December 31 2004
In the three years since 9/11 the Bush administration has successfully sold the idea that the Islamist perpetrators \"hate us for our freedoms\" and loathe us for our values: for what we are and think, rather than what we do. In what is ultimately a war of ideas within the Muslim and Arab world, there is no idea more damaging - or more wrong. Unless attitudes are radically rethought, radical Islam will win the struggle for Muslim minds.
The self-serving fallacies of the they-hate-us-for-our-freedoms industry have been criticised in recent books from, for example, the former CIA official in charge of pursuing Osama bin Laden, Michael Scheuer (Imperial Hubris), and the Palestinian-American historian Rashid Khalidi (Resurrecting Empire).
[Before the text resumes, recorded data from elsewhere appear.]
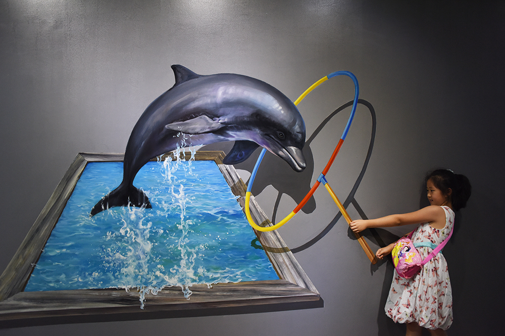 還有華夏文化館,這一層有五個展廳,都是古代皇宮里的寶貝,涉及的范圍很全面,瓷器、金銀器、書畫什么的,還有南北朝的石雕佛像,保存的都特別的完整,很震驚,真是大開眼界,不虛此行。球幕館,觀影廳為圓頂式結(jié)構(gòu),銀幕呈半球形,觀眾被包圍其中,在影院內(nèi)可感受到抬頭望去四周都是銀幕的環(huán)形視聽效果,在這里讓你感受“靜坐一室,一會傲游太空,一會潛入海底” 的夢想之旅,欣賞只有宇航員和潛水員才能看到奇幻景色,飛躍星空、登陸火星、穿越海洋,一切仿如夢境之旅。不過看完之后頭會很暈,不太舒服。毛主席像章館,珍藏的像章大小不等,圓形的,方的,心形的都有。由上萬枚像章組成的東方紅,太陽升,學(xué)習(xí)雷鋒的巨型標(biāo)語墻,太震撼了!還有天安門、紅語錄、長城等五星造型也巍然壯觀。地質(zhì)博物館,這里匯聚著各類各種各樣的石頭,不得不感嘆大自然的神奇,每塊石頭的紋路啊顏色各不同,竟然還有26個字母的,還有數(shù)字的,各種造型的石頭,千姿百態(tài),各有風(fēng)采。 第四天去老虎灘,園區(qū)自然風(fēng)光秀麗,山海互映,景色迷人。我們先去了珊瑚館,里面是各種珊瑚和魚類,珊瑚是千萬熱帶魚兒的家,它們形成了—道海底獨具特色的風(fēng)景線。珊瑚館以聲、光、影像等高科技及惟妙惟肖的仿生巖石造景襯托,一個色彩斑斕的海底世界生動完美地展現(xiàn)到游眾面前。分別陳示有稀有的珊瑚樹,形似榔頭的大榔頭珊、色彩富于變化的玫瑰珊,及香菇珊瑚、綠腦珊瑚、寶石花珊瑚、皮革珊瑚、海百合珊瑚等,個中珍品,價值非凡。還有五顏六色的魚兒、大量水母游弋其中,共同組成了絢爛的風(fēng)景線。 出了珊瑚館趕去極地館看表演,上二樓就是海洋動物表演場,大型的海洋哺乳類動物的表演劇場,在這里白鯨、海豚、大型海洋哺乳類動物將為您奉上精彩表演,場內(nèi)觀眾爆滿啊。優(yōu)美可愛的大白鯨一出場就贏得大家熱烈的掌聲和歡呼聲,飼養(yǎng)員踩著它優(yōu)雅的游弋水中,竟然還會唱歌、又乖巧又可愛啊!還有海豚一會跳起來空中鉆圈,一會又頂皮球轉(zhuǎn)圈圈,算算術(shù),萌萌的好聰明啊!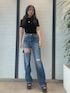 デニムコーデ 【トップス】 square gydaロゴのmoldニットトップスです。ロゴの部分は露出面積もひろすぎずシンプルなデザインなのでたくさん着回しができるトップスです。ニットですが薄手なので夏でも涼しくきれます! 【デニム】 GYDAならではの大胆なダメージが入ったワイドデニムです。サイズ感は大きめで低身長の方は裾を折り曲げて履くかスニーカー合わせで裾をする感じで着用しても可愛いです!155センチSサイズ着用。 【サンダル】 厚底のサンダルでシンプルなデザインなのでどんなコーデ合わせもおすすめです。ヒール自体は高めですが前後の高低差ない厚底のデザインなので長時間履いても足が疲れにくいのでオススメです。155センチMサイズ着用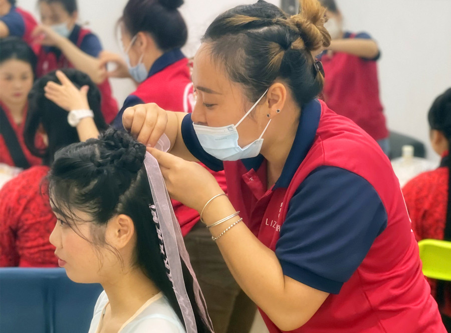 除了妝容的難度,在學(xué)習(xí)發(fā)型課程時,我也覺得困難重重。比如,在做秀禾發(fā)型卷筒的操作時,卷著卷著就突然不知道該如何收尾?又或者是做完后一看,才發(fā)現(xiàn)做出的形狀和老師的不一樣,不僅沒有美觀度,而且還松塌。然后在做赫本包時,倒梳頭發(fā)沒到位,每次倒梳之后捋順赫本包又變小了。披發(fā)兩邊方向燙的不一致……
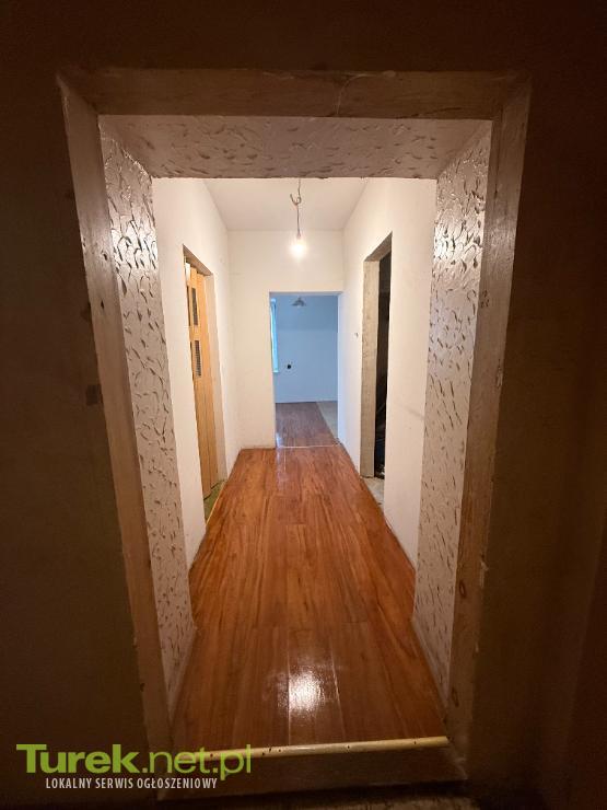 Ściany i sufit: W salonie i kuchni ściany są wyszpachlowane. Sufity w łazience i pokojach zostały obniżone i docieplone (obecna wysokość to komfortowe 2,60 m, co ułatwia ogrzewanie).

Both argue it is the policies of the US and its allies that have ignited such rage in the Arab and Muslim world.
Validation of this analysis came in September from an unusual quarter: the Defense Science Board (DSB), a federal committee of academics and strategists that gives independent advice to the US defence secretary. The DSB report\'s brief was to study US \"strategic communication\" policy. It found that \"America\'s power to persuade is in a state of crisis\" - not least, it suggests between the lines, because of this administration\'s unappealing mix of high-handedness, incompetence and attraction to the use of force.
Good presentation will not build support for reviled policies. Credibility matters, the report says, and \"simply, there is none - the US today is without a working channel of communication to the world of Muslims and Islam\".
The polls the DSB looks at are chilling: single digit support for the US and its policies (for example, a 98 and 94 per cent \"unfavourable\" rating in Egypt and Saudi Arabia, Washington\'s main Arab allies). The DSB finds nonetheless that majorities or pluralities do support values such as freedom and democracy, embrace western science and education, and like US products and movies.
\"In other words, they do not hate us for our values, but because of our policies,\" the DSB says, before noting that the surveys showed hatred of the policies had begun to tarnish the attraction of the values. So what is to be done?
George W. Bush appeared on the right track in a speech just over a year ago to the National Endowment for Democracy in Washington. Rightly condemning the \"cultural condescension\" that suggests Arabs and Muslims are suited to despotism rather than democracy, he proclaimed a \"forward strategy for freedom in the Middle East\". The experience of the past 60 years, he said, had taught us \"stability cannot be purchased at the expense of liberty\". Quite so, but what has happened since then?
US support for Israel has solidified while the Israelis continue to expand their hold over the immeasurably weaker Palestinians. The Iraqi state and society have broken under a US occupation that continues to use disproportionate force with high civilian casualties.
Diplomatically, Washington endorses the transparent attempts of Moscow, Delhi and Beijing to reclassify regional disputes involving Muslims in Chechnya, Kashmir and western China as part of the \"Global War on Terror\".
Above all, in Muslim eyes the US is taking sides against freedom and Islam by continuing to support tyrannies throughout the region, as a trade-off for cheap oil and forward bases. In that light, the US-inspired Greater Middle East Initiative looks long on rhetoric and short on action - suspiciously like France and Britain\'s behaviour during their post-first world war carve-up of the Middle East. It does not help that the programme\'s small secretariat is based in Tunisia, a police state.
It is the policies that have to change. In Iraq, the US needs to spell out credibly that it has no long-term designs on the country (unlike its British colonial predecessors). In Palestine it needs to arbitrate even-handedly and honestly. The US must engage with non-violent Islamist movements which the DSB correctly identifies as the emerging centre of political gravity in the region. It must above all cease propping up Arab despots.
No change in policy means the short-term survival of tyranny and the onward march of the jihadis. It also means the shared values of Islam and the west will wither.